WHAT TO PRODUCE -> Write out every line below again exactly as it stands, skipping each image.

DATASET SECTION ->
● ● ●
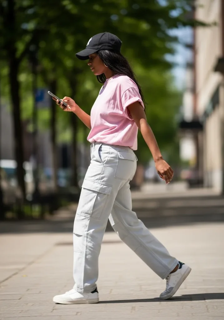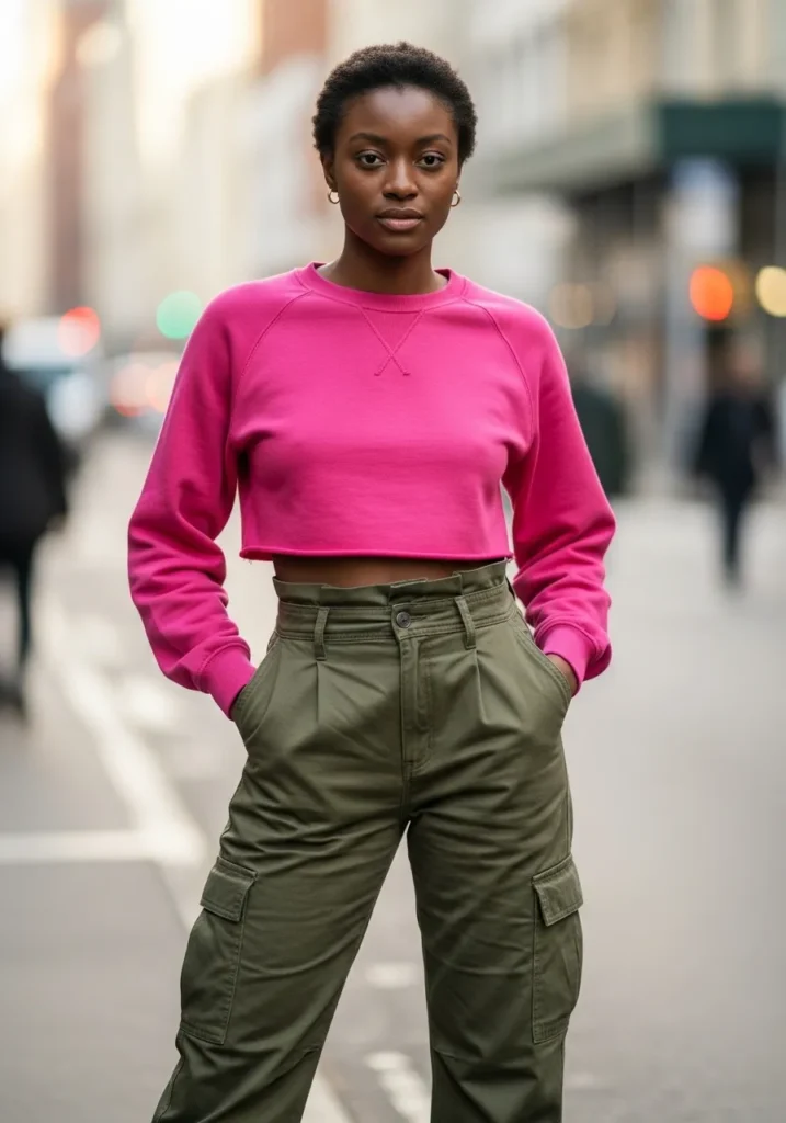 I love this color combo because it feels unexpected but works so well. The pink stands out and the cargos keep it grounded. It is one of those looks that always gets noticed.
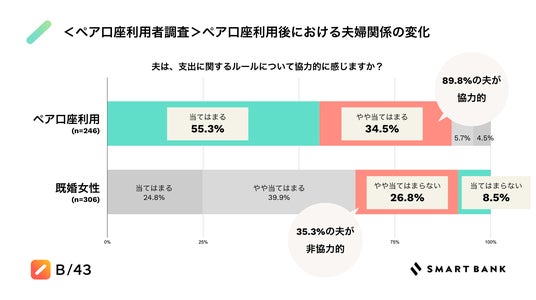 また、夫が支出に関するルールについて協力的に感じるかどうかを比較すると、既婚女性では、合わせて35.3%が「夫が家庭における支出に関するルール順守に非協力的」、64.7%が「夫が家庭における支出に関するルール順守に協力的」と感じているのに対し、ペア口座利用では、「当てはまる」(55.3%)、「やや当てはまる」(34.5%)、合わせて89.8%が「夫が家庭における支出に関するルール順守に協力的」だと感じていることが分かりました。
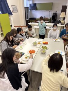 ケーキの土台はさつまいもとかぼちゃを使用して、クリームは水切りヨーグルトを使用しています。にんじんやパプリカ、ブロッコリーなど色とりどりの野菜を使って飾りつけをしていきます!
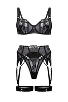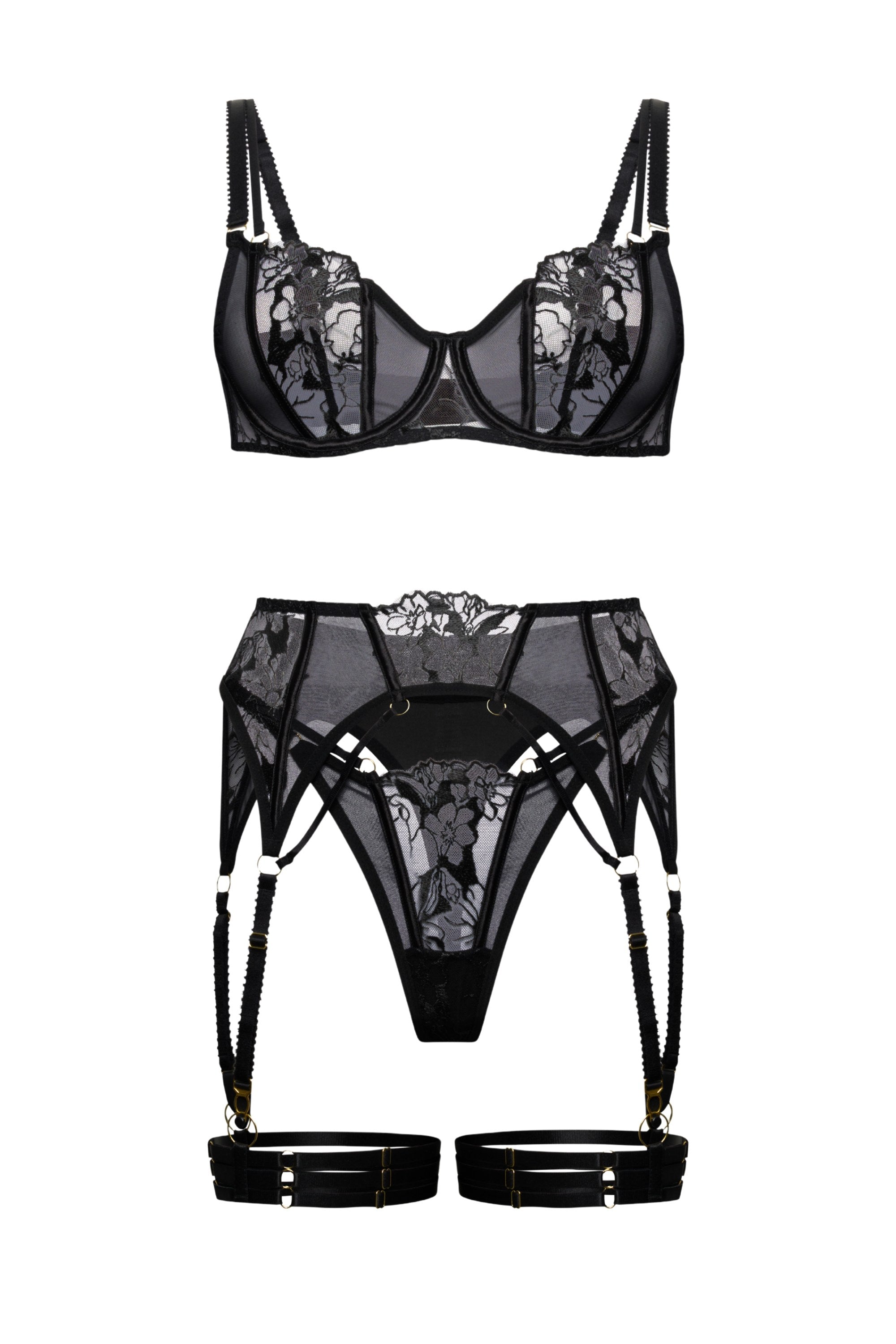 Schwarzes 5-teiliges Set mit Spitzen-BH sowie High-Waist-Look mit Taillendetail und Zierbändern, ergänzt durch zwei Beinbänder – modern, detailreich und figurbetont.
● ● ●
OUTPUT OF THE EXERCISE ->
 I love this color combo because it feels unexpected but works so well. The pink stands out and the cargos keep it grounded. It is one of those looks that always gets noticed.
 また、夫が支出に関するルールについて協力的に感じるかどうかを比較すると、既婚女性では、合わせて35.3%が「夫が家庭における支出に関するルール順守に非協力的」、64.7%が「夫が家庭における支出に関するルール順守に協力的」と感じているのに対し、ペア口座利用では、「当てはまる」(55.3%)、「やや当てはまる」(34.5%)、合わせて89.8%が「夫が家庭における支出に関するルール順守に協力的」だと感じていることが分かりました。
 ケーキの土台はさつまいもとかぼちゃを使用して、クリームは水切りヨーグルトを使用しています。にんじんやパプリカ、ブロッコリーなど色とりどりの野菜を使って飾りつけをしていきます!
 Schwarzes 5-teiliges Set mit Spitzen-BH sowie High-Waist-Look mit Taillendetail und Zierbändern, ergänzt durch zwei Beinbänder – modern, detailreich und figurbetont.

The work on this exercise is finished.